É responsabilidade dos pais dar aos filhos criação que os prepare para uma vida do agrado do Senhor. E a família, e não a igreja ou a Escola Dominical, que tem a principal responsabilidade do ensino bíblico e espiritual dos filhos. A igreja e a Escola Dominical apenas ajudam os pais no ensino dos filhos.

(2) A essência da educação cristã dos filhos consiste nisto: o pai voltar-se para o coração dos filhos, a fim de levar o coração dos filhos ao coração do Salvador (ver Lc 1.17 ).

(3) Na criação dos filhos, os pais não devem ter favoritismo; devem ajudar, como também corrigir e castigar somente faltas intencionais, e dedicar sua vida aos filhos, com amor compassivo, bondade, humildade, mansidão e paciência (3.12-14,21).
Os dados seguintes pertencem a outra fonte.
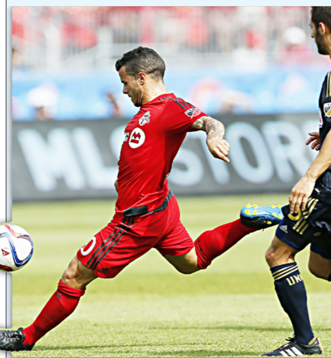
جوفينكو تالغ في موسم الاول مع تورونتو

■ باريس - د ب أ: أهدر كان فرصة تقليص الفارق مع باريس سان جيرمان متصدر الدوري الفرنسي، بعدما سقط في فخ التعادل 1/1 مع مضيفه موناكو في المرحلة السادسة عشرة، ولم تلعب الأرض مع أصحابها في معظم مباريات المرحلة، حيث فاز ريمس على مضيفه غانغان 1/2، وانجاسكيو على مضيفه مونيبيليه 2/صفر، وباستيا على ضيفه بوردو 1/صفر، وتولوز على ضيفه تروا 3/صفر، فيما تعادل ليل مع ضيفه سانت ايتيان بدون أهداف، ورفع كان رصيده إلى 29 نقطة، ليظل متأخرا بفارق 13 نقطة عن سان جيرمان، الذي تعادل سلبا مع ضيفه انجيه، فيما ارتفع رصيد موناكو إلى 25 نقطة في المركز السابع، محققا تعادله الثاني على التوالي، وفشل الفريقان في هز الشباك خلال الشوط الأول الذي انتهى بالتعادل السلبي، قبل أن يجادر جويدو كاريو بالتسجيل لصحة موناكو في الدقيقة 56، قبل أن يدرك روني رودين التعادل لكان قبل النهاية بربع دقائق، ليحتفل كل فريق بالحصول على نقطة واحدة فقط.

(4) Seguem-se quinze passos que os pais devem dar para levar os filhos a uma vida devotada a Cristo:


(a) Dediquem seus filhos a Deus no começo da vida deles (1 Sm 1.28; = Lc 2.22).
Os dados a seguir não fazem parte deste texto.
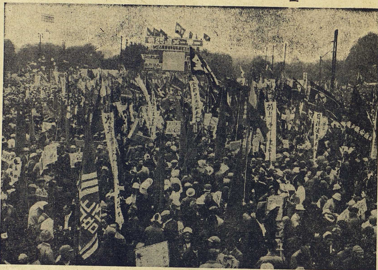
Majdemonstration i Tokyo.

Emellertid har, om man ser till huvudriktningarna, den japanska politiken varit relativt stabil, även om positionerna inte varit så fastlåsta som i några av Västeuropas demokratier. Enklast kan saken uttryckas så att liberaldemokraterna och deras föregångare alltid haft klar majoritet, i regel nära två tredjedelar av rösterna och mandaten, medan socialdemokrater och kommunister tillsammans haft mellan en fjärdedel och en tredjedel. Procentsiffrorna är för rösterna vid de fyra senaste valen mellan 59 och 66 procent (liberaldemokrater), mellan 24 och 31 procent (socialister). Kommunisterna nådde sin kulmen vid valet 1949, då missnöjet med ockupationen började bli starkt och de ekonomiska svårigheterna efter kriget ännu var trängande; partiet fick då 10 procent av rösterna, men har sedan växlat mellan två och tre procent. Efter 1955 års sammanslagningar är läget tills vidare enkelt och klart, med den liberaldemokratiska eller konservativa majoriteten och den socialdemokratiska minoriteten som helt dominerande riktningar.

(b) Ensinem seus filhos a temer o Senhor e desviar-se do mal, a amar a justiça e a odiar a iniqüidade. Incutam neles a consciência da atitude de Deus para com o pecado e do seu julgamento contra ele (ver Hb 1.9 ).

(c) Ensinem seus filhos a obedecer aos pais, mediante a disciplina bíblica com amor = (Dt 8.5; = Pv 3.11,12; = 13.24; = 23.13,14; = 29.15,17; = Hb 12.7).

(d) Protejam seus filhos da influência pecaminosa, sabendo que Satanás procurará destruí-los espiritualmente mediante a atração ao mundo ou através de companheiros imorais (Pv 13.20; = 28.7; = 2.15-17).

(e) Façam saber a seus filhos que Deus está sempre observando e avaliando aquilo que fazem, pensam e dizem (Sl 139.1-12).

(f) Levem seus filhos bem cedo na vida à fé pessoal em Cristo, ao arrependimento e ao batismo em água (Mt 19.14).

(g) Habituem seus filhos numa igreja espiritual, onde se fala a Palavra de Deus, se mantém os padrões de retidão e o Espírito Santo se manifesta. Ensinem seus filhos a observar o princípio:
“Companheiro sou de todos os que te temem” (Sl 119.63; ver At 12.5 ).

(h) Motivem seus filhos a permanecerem separados do mundo, a testemunhar e trabalhar para Deus (2 Co 6. 14—7. 1; Tg 4.4). Ensinem-lhes que são forasteiros e peregrinos neste mundo (Hb 11.13-16), Que seu verdadeiro lar e cidadania estão no céu com Cristo (Fp 3.20; = Cl 3.1-3).

(i) Instruam-nos sobre a importância do batismo no Espírito Santo (At 1.4,5,8; = 2.4,39).

(j) Ensinem a seus filhos que Deus os ama e tem um propósito específico para suas vidas(Lc 1.13-17; = Rm 8.29,30; = 1 Pe 1.3-9).

(L) Instruam seus filhos diariamente nas Sagradas Escrituras, na conversação e no culto doméstico (Dt 4.9; 6.5,7; 1 Tm 4.6; 2 Tm 3.15).

(m) Mediante o exemplo e conselhos, encorajem seus filhos a uma vida de oração (At 6.4; = Rm 12.12; = Ef 6.18; = Tg 5.16).

(n) Previnam seus filhos sobre suportar perseguições por amor à justiça (Mt 5.10-12).Eles devem saber que “todos os que piamente querem viver em Cristo Jesus padecerão perseguições” (2 Tm 3.12).

(o) Levem seus filhos diante de Deus em intercessão constante e fervorosa (Ef 6.18; = Tg 5.16- 18; ver J0 17.1, ) nota sobre a oração de Jesus por seus discípulos, como modelo da oração dos pais por seus filhos.

(p) Tenham tanto amor e desvelo pelos filhos, que estejam dispostos a consumir suas vidas como sacrifício ao Senhor, para que se aprofundem na fé e se cumpra nas suas vidas a vontade do Senhor (ver Fp 2.17 ).